At catechism, a little before Christmas, suggest that the children offer one of their toys for the Christmas of poor children. Help your children, without forcing them, to give a toy in good condition, a doll still pretty, for “giving to the poor is giving to God.” Especially don’t cool their generous enthusiasm by suggesting that they choose something they no longer play with or that is less good...
Anne de Guigné
Tell them stories about the saints, especially when they were their age. There is a particular grace that encourages and renders virtue more amiable, if not easier. Heavenly friendships can be tied between such a saint and your child. Think of the three children of Fatima, St. Dominic Savio, and Anne de Guigné. The latter, a little girl, was naturally bossy, choleric, jealous; in short, not an agreeable sort. When she lost her father, who died on the field of battle in 1915, little Anne, who was just four years old, saw her mother in the grips of a profound sorrow and wanted to console her. Her mother spoke to her these simple words: “If you want to console me, Anne, be good.”
These words provoked in the generous soul of little Anne a veritable conversion, and she never ceased growing in holiness until the day when the Lord came to take her. She was a little more than ten years old. She lived in a constant state of concern for the least needs of those around her. This care for the good of others pushed her constantly to sacrifice herself for them. This perpetual self-forgetfulness had cost her a lot at first, but, moved by the Holy Ghost, she reached the point, towards the end, of tasting the joy of self-giving.

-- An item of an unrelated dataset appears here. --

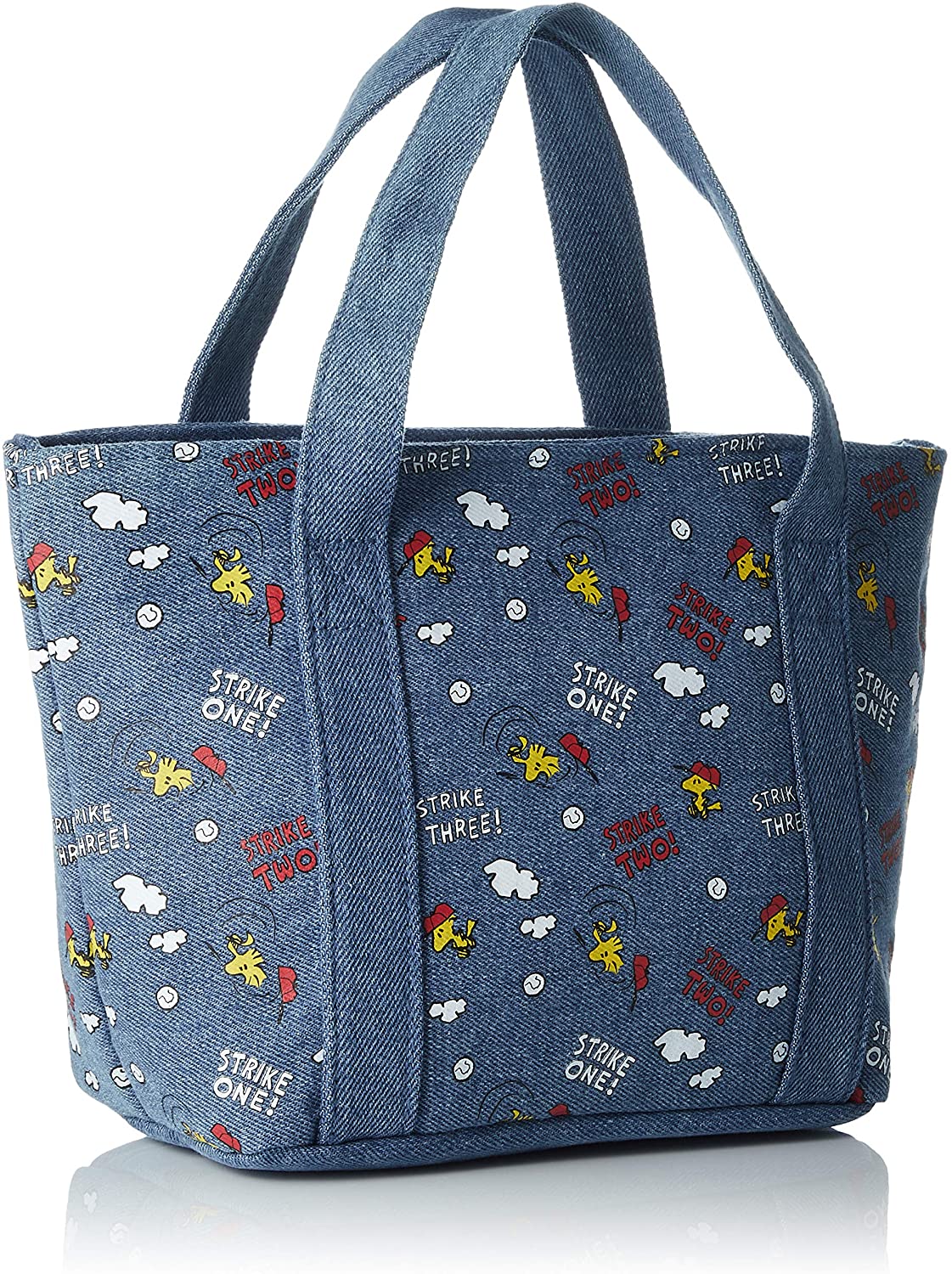 サイズ:Sデニム地にコルクでキャラクターを描いたバッグ内側は保冷保温効果のあるアルミ蒸着フィルム貼り保冷剤等が入る便利なメッシュポケット付きランチバック以外でも小物入れ手さげバックとしても便利
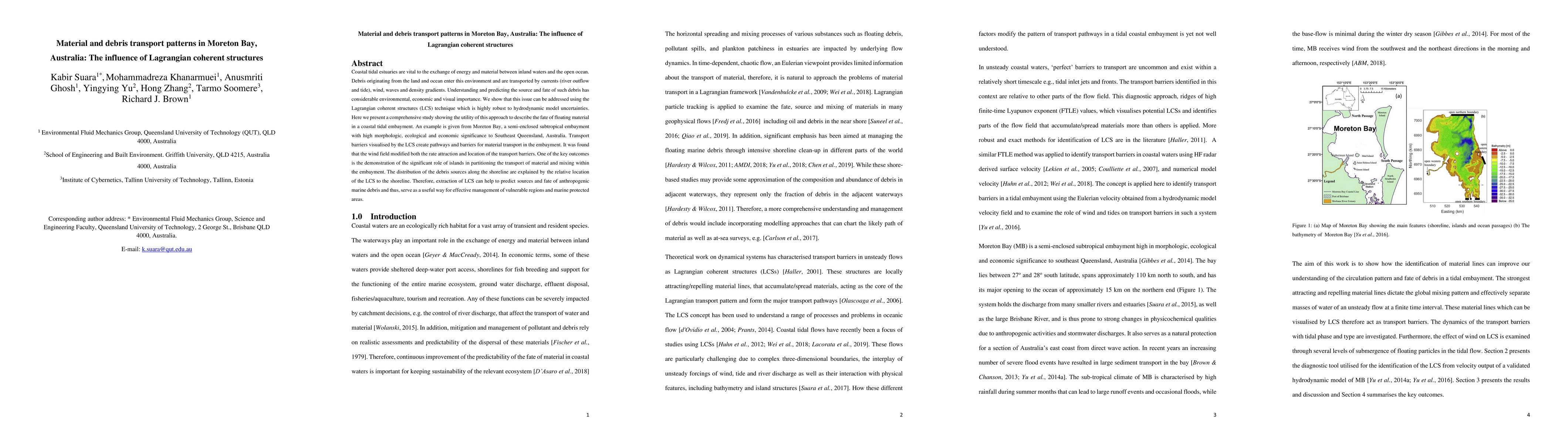 This study employs Lagrangian coherent structures (LCS) to analyze material and debris transport patterns in Moreton Bay, Australia, highlighting their role in partitioning material transport and mixing. The LCS technique reveals how wind and islands influence transport barriers, aiding in the prediction of debris sources and fate, which is crucial for effective management of marine protected areas.

Christian parents, you too, train up your children in goodness without delaying any longer. For if the effort towards goodness and charity is not educated very early, will it ever be possible? Aim at your ideal with perseverance. Pray to the guardian angels of your children. If the fruits of your education are a long time coming, don’t rush anything. Good acts may be helped, but they must be free. For, you must know, if this effort is not rooted in charity, it will lose all meaning. However, sooner or later, you will see the blossoming of the virtues you desire for your children, and then they also will savor this word of our Lord that “there is more joy in giving than receiving.”